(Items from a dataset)
┌──

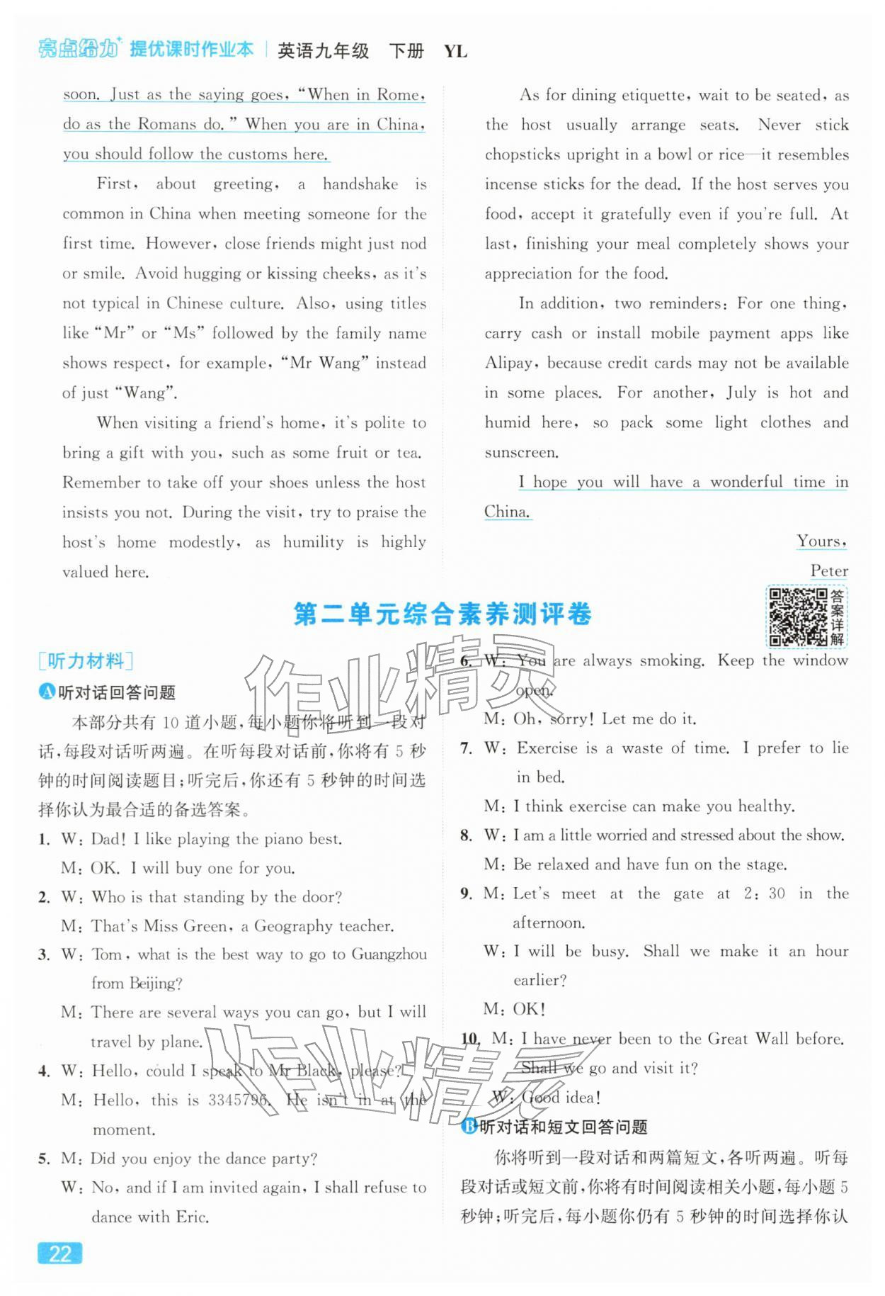 2026年亮点给力提优课时作业本九年级英语下册译林版参考答案第22页
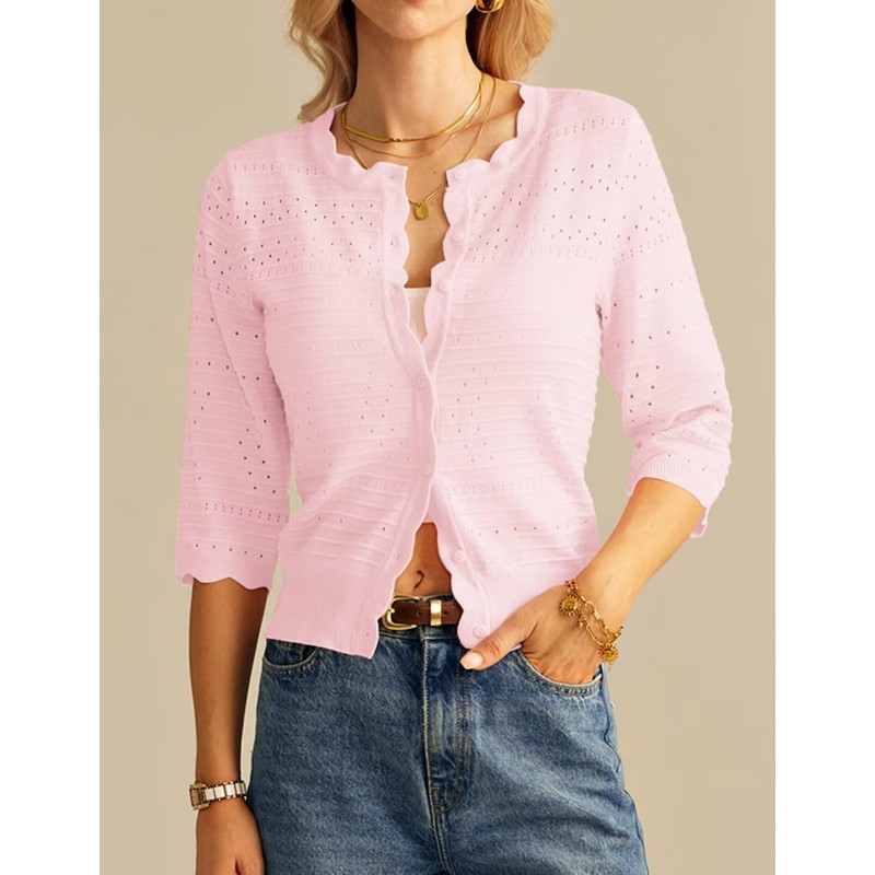 - 【Cardigan Sweater Women 】Stylish hollowed-out textured cardigan with a waved neckline, placket, and 3/4 sleeve openings. Tailored and fitted design for a more stylish look, cropped cardigan sweater for women business casual.
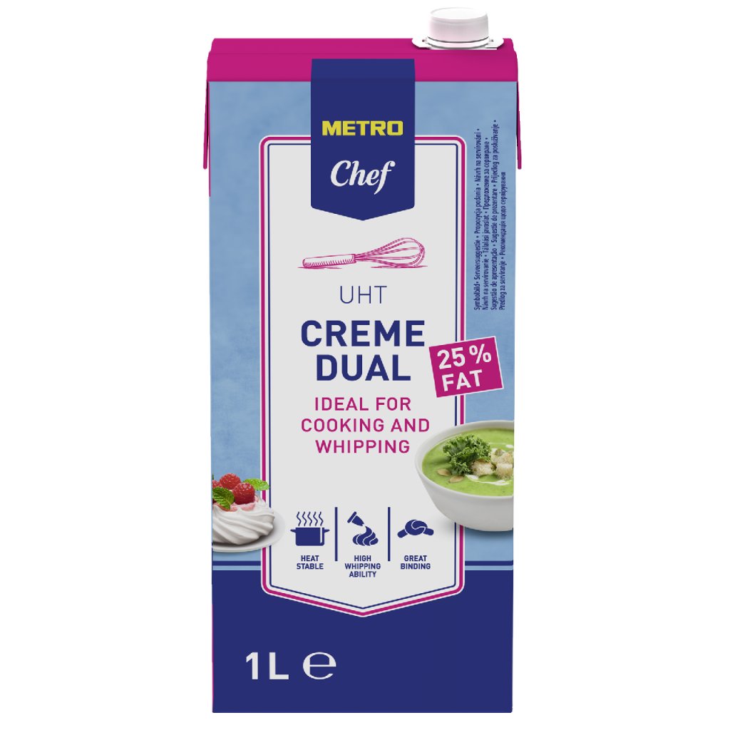 Nakupovat potraviny, drogerii a další potřeby pro domácnost online se vyplatí. Náš online supermarket Terunka.cz, toho má v kategorii: mnohem více. Prohlédněte si celou naší nabídku a ušetřete svůj čas i peníze.METRO Chef Dual Creme 25 % chlaz. 1 l UHT za skvělou cenu, máme skladem.
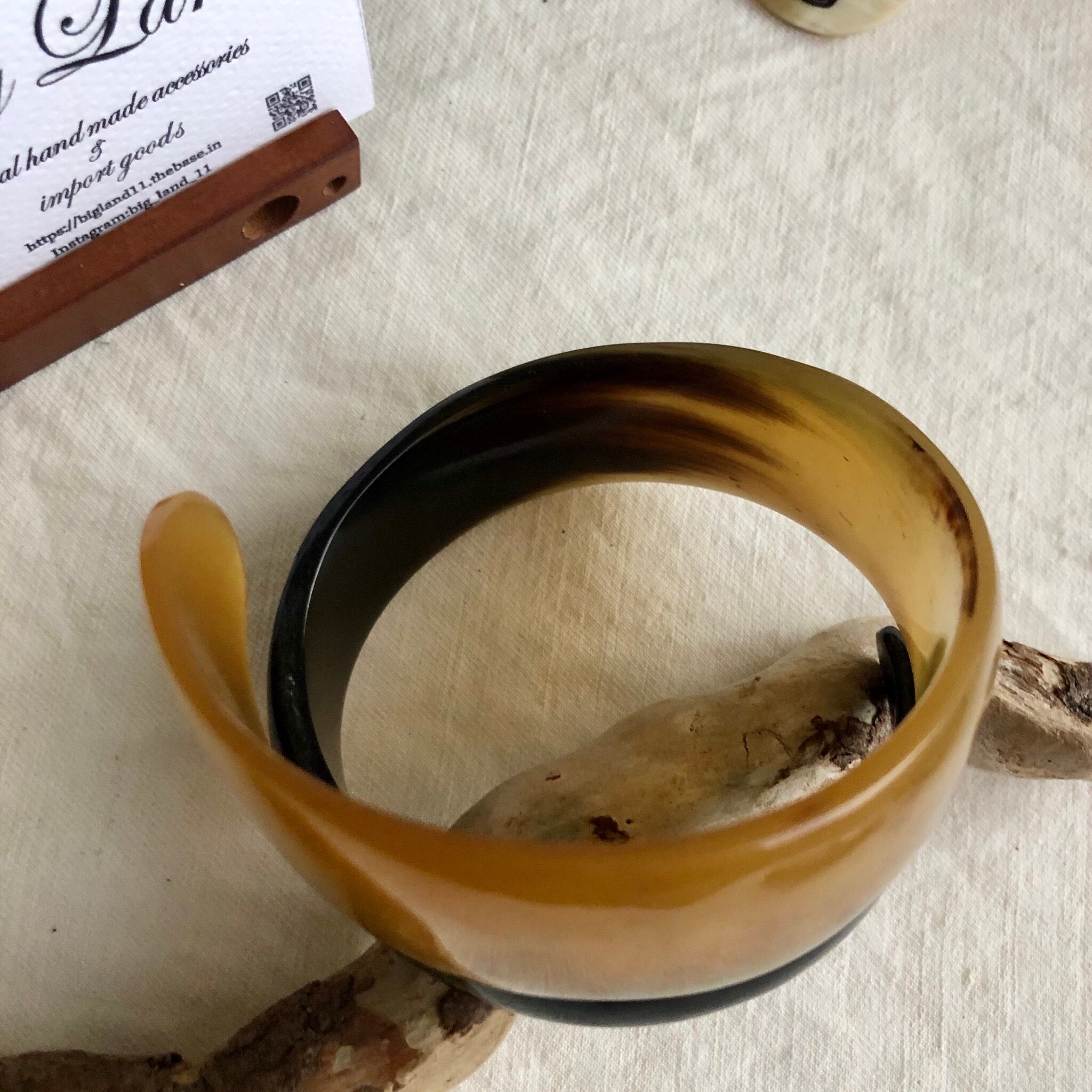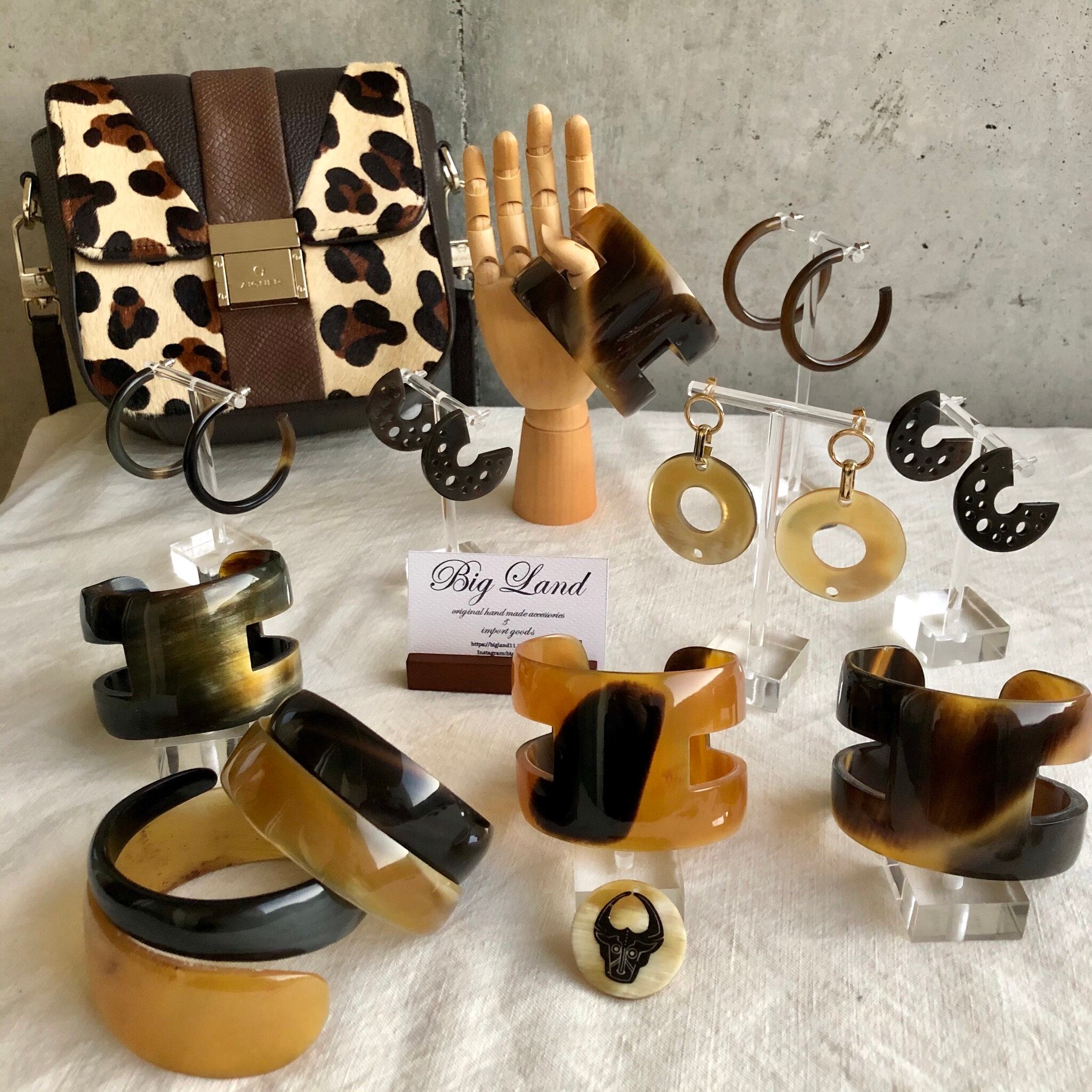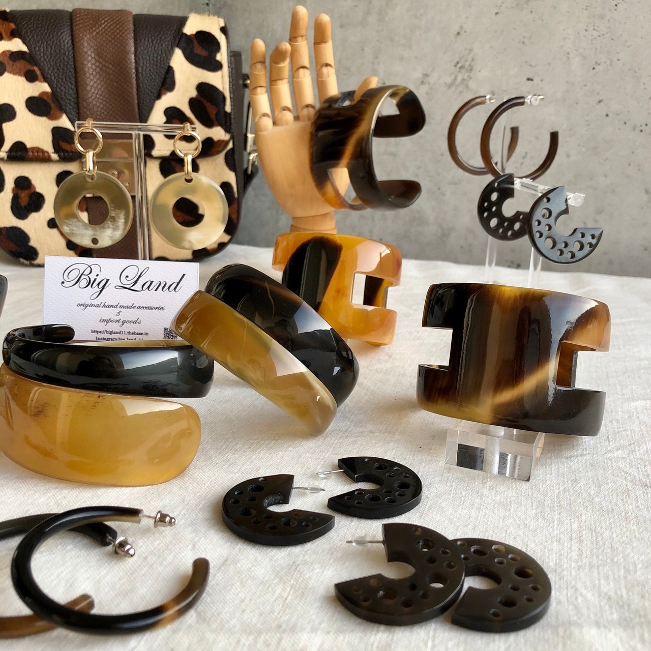 水牛ならではの軽い装着感とこなれたワンランク上の雰囲気を醸し出し、ブラウン&ブラックコーデにオススメで秋冬はニットカットソー等、お洋服の上から装着するとワンポイントになります‼︎
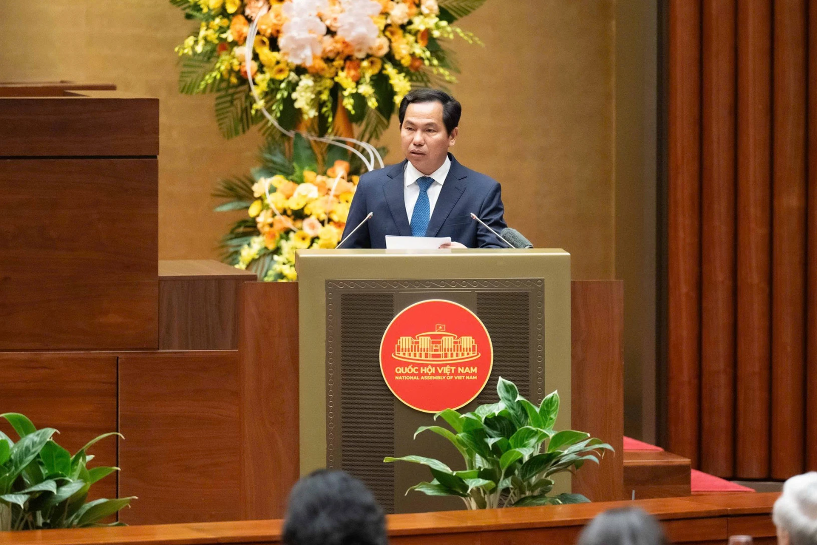 Chủ tịch Quốc hội nhấn mạnh, đây là dấu mốc quan trọng trong tiến trình phát triển của đất nước ta, đang đẩy mạnh hoàn thiện Nhà nước pháp quyền xã hội chủ nghĩa thực sự của nhân dân, do nhân dân và vì nhân dân; tiếp tục đổi mới tổ chức bộ máy, vận hành mô hình chính quyền địa phương hai cấp; ứng dụng mạnh mẽ công nghệ thông tin, chuyển đổi số, trí tuệ nhân tạo vào mọi mặt của đời sống xã hội.
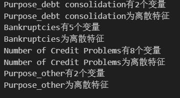 print(f'{i}有{unique_counts}个变量') # 连续型变量通常有很多唯一值,而离散型变量的唯一值较少
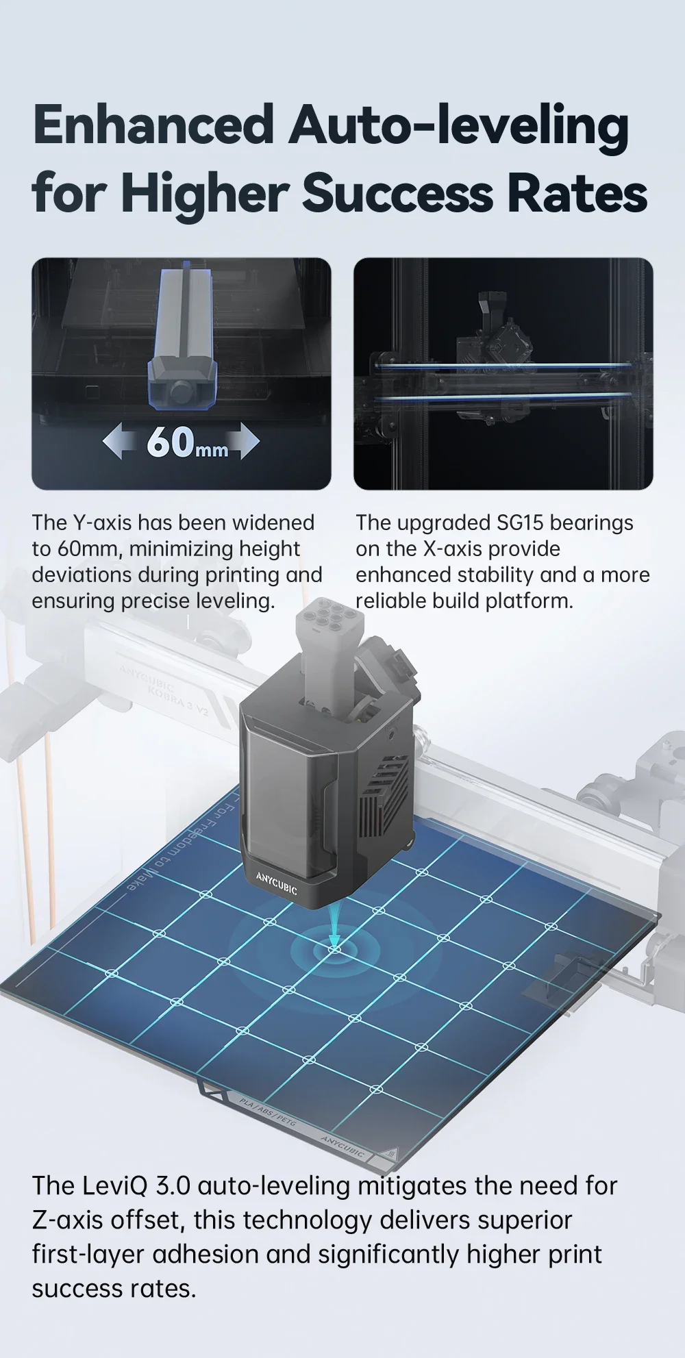 The Y-axis has been widened to 60mm, minimizing height deviations during printing and ensuring precise leveling.
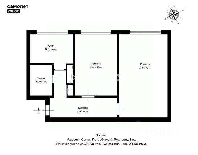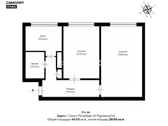 В прямой продаже двухкомнатная квартира в Выборгском районе Санкт-Петербурга.
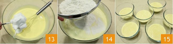 Adicione as claras ao composto de ovos 13, misturando de cima para baixo para não desmontá-las; depois peneire também a farinha e o fermento 14; misture cuidadosamente com uma colher de pau o composto e divida-o em 6 tigelinhas 15.
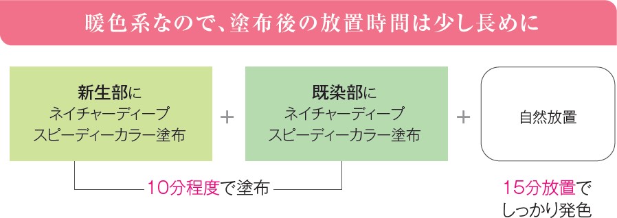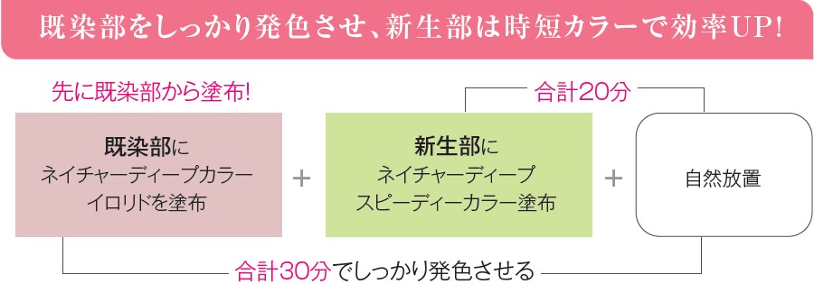 ※中間→毛先の順にイロリドで染めて、その後すぐに根元にネイチャーディープスピーディーカラーを塗布。新生部塗布~放置で20分で完了。
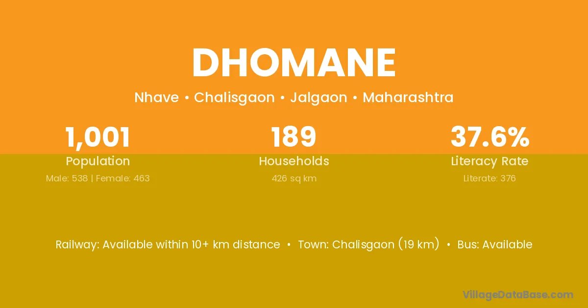 Chalisgaon (19 km) is the nearest town to Dhomane village for major economic activities and is located approximately 19 km away.
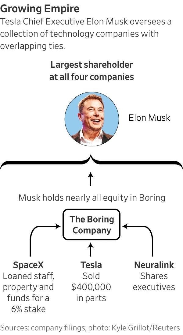 特斯拉首席执行官埃隆·马斯克(Elon Musk)新成立的隧道挖掘公司Boring将重叠资产分散到不同科技公司的做法引起了争议。

└──

### Activity
Exact copy, no pictures: please print every record above as written.

### Answer to this exercise
 2026年亮点给力提优课时作业本九年级英语下册译林版参考答案第22页
 - 【Cardigan Sweater Women 】Stylish hollowed-out textured cardigan with a waved neckline, placket, and 3/4 sleeve openings. Tailored and fitted design for a more stylish look, cropped cardigan sweater for women business casual.
 Nakupovat potraviny, drogerii a další potřeby pro domácnost online se vyplatí. Náš online supermarket Terunka.cz, toho má v kategorii: mnohem více. Prohlédněte si celou naší nabídku a ušetřete svůj čas i peníze.METRO Chef Dual Creme 25 % chlaz. 1 l UHT za skvělou cenu, máme skladem.
 水牛ならではの軽い装着感とこなれたワンランク上の雰囲気を醸し出し、ブラウン&ブラックコーデにオススメで秋冬はニットカットソー等、お洋服の上から装着するとワンポイントになります‼︎
 Chủ tịch Quốc hội nhấn mạnh, đây là dấu mốc quan trọng trong tiến trình phát triển của đất nước ta, đang đẩy mạnh hoàn thiện Nhà nước pháp quyền xã hội chủ nghĩa thực sự của nhân dân, do nhân dân và vì nhân dân; tiếp tục đổi mới tổ chức bộ máy, vận hành mô hình chính quyền địa phương hai cấp; ứng dụng mạnh mẽ công nghệ thông tin, chuyển đổi số, trí tuệ nhân tạo vào mọi mặt của đời sống xã hội.
 print(f'{i}有{unique_counts}个变量') # 连续型变量通常有很多唯一值,而离散型变量的唯一值较少
 The Y-axis has been widened to 60mm, minimizing height deviations during printing and ensuring precise leveling.
 В прямой продаже двухкомнатная квартира в Выборгском районе Санкт-Петербурга.
 Adicione as claras ao composto de ovos 13, misturando de cima para baixo para não desmontá-las; depois peneire também a farinha e o fermento 14; misture cuidadosamente com uma colher de pau o composto e divida-o em 6 tigelinhas 15.
 ※中間→毛先の順にイロリドで染めて、その後すぐに根元にネイチャーディープスピーディーカラーを塗布。新生部塗布~放置で20分で完了。
 Chalisgaon (19 km) is the nearest town to Dhomane village for major economic activities and is located approximately 19 km away.
 特斯拉首席执行官埃隆·马斯克(Elon Musk)新成立的隧道挖掘公司Boring将重叠资产分散到不同科技公司的做法引起了争议。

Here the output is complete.